Travel advisory: yes, we travelled. Spoiler alert: Very spoiled, yes. Much privilege and whingeing ahead.

In mid-December our family and a couple of friends made our first trip in eighteen months, to a resort on the Mayan Riviera. Husband Jonathan and I had two vaccinations and a booster each. No pathetic pathogen was going to get through us.

We packed, we masked, we mulled over what to do if we starved on the flight. (Our family motto is Satiety before Safety.) We observed all the protocols. We filled out all the forms. We met an iguana named Iggy by the pool and a lovely time was had by all.

We booked a Mexican COVID test 72 hours before our departure and sat, masked, with some 30 people in a conference room to get our noses swabbed. First time for me. No brain-scouring swab here; a gentle tickle and much sneezing. A day later, we get our results. All negative. Yay! We’re Toronto-bound!

Towards the end of the flight Jonathan mentions he is feeling a bit hot.

At Pearson Airport I am culled to get another COVID test. No brain-scouring swab here either. The next day we are home and my test comes back negative. Yay!

Jonathan’s test is positive.

Tick Tick BOOM and he has a very sore throat, a first act of headaches and muscle soreness with a orchestral accompaniment of runny nose and percussive misery. He sweats out the top of his head. I serve hot broths, sympathy and a schedule for Tylenol and ibuprofen. I do not isolate: if he’s got it, I must have it too, so what’s the point?

But I’m lucky: day after day goes by and I feel fine. At this moment in Canadian history the provincial quarantine protocol is ten days, so stuck in the house we are. Daughters get us groceries. I clear out closets and we snipe at each other. But ten days isn’t too long to be stuck in the house—it’s winter anyway— and on day 10 Jonathan feels great and declares that I must have a better immune system than he does. Smugly, I agree.
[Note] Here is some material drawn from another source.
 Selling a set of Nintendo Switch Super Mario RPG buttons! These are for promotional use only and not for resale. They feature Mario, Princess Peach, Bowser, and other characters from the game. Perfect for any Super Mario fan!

I make a list of things I am going to buy at the January sales: slippers, mittens, gloves and a possible wander into Ted Baker for beautiful British tops I will never wear.

I swallow. That’s a really sore throat, I think.
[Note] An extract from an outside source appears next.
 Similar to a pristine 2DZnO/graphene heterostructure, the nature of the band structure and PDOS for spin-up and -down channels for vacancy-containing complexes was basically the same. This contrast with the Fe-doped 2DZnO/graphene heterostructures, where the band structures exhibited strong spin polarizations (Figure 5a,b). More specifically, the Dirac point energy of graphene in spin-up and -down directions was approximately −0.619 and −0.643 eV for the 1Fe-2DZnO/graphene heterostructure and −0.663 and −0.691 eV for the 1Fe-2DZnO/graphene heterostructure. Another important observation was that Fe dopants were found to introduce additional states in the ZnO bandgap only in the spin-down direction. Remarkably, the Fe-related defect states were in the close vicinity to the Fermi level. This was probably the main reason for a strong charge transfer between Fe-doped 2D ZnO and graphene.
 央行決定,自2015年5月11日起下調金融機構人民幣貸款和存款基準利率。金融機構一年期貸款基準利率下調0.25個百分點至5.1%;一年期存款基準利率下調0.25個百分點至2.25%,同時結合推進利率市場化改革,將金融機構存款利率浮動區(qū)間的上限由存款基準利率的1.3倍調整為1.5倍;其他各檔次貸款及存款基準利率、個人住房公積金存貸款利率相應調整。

Reprise of the Omicron Variety Show with an impressive guest performance by a streaming nose that is panned, unfortunately, by disgusted FaceTime critics. Should quarantine resume? I take a COVID test and it’s negative. Can’t I go out too? I know the responsible answer and, as there are no more closets left to clear, there is an intermission of home cooking. Breads, muffins, spaghetti sauce and increasingly complicated salads.

The government has changed quarantine length times and Jonathan can go out in five days because he has no symptoms. I still do, so in I stay.

I bake an apple pie and eat it.

Five days later my clothes are tight and my maybe-Omicron flu has run its course. I am symptom-free and feeling fine. No more quarantine. I can go out again! Slippers, gloves, mittens and two Ted Baker tops, one of which makes me resemble a stuffed artichoke.

A couple of days of freedom later, Jonathan proposes a COVID test.

Why? I say. I’m good. Why not? he says. But we should check, for the sake of society and all that is good and true, etc. etc. Very noble and tiresome.

He tests negative. Yay! Me? After two vaccines, one booster, two negative COVID tests from the Mexican and Canadian governments, and a mild bout of something that registers negative on the pregnancy-test-like swab stick: I Test Positive.

Back I go into quarantine.

Three days later theatre finally reflects reality: my symptoms show up again AND I still have that positive result. Runny nose, cough, the whole chorus line. Yay.

When can I leave the house again? Oh, August maybe. Send pie.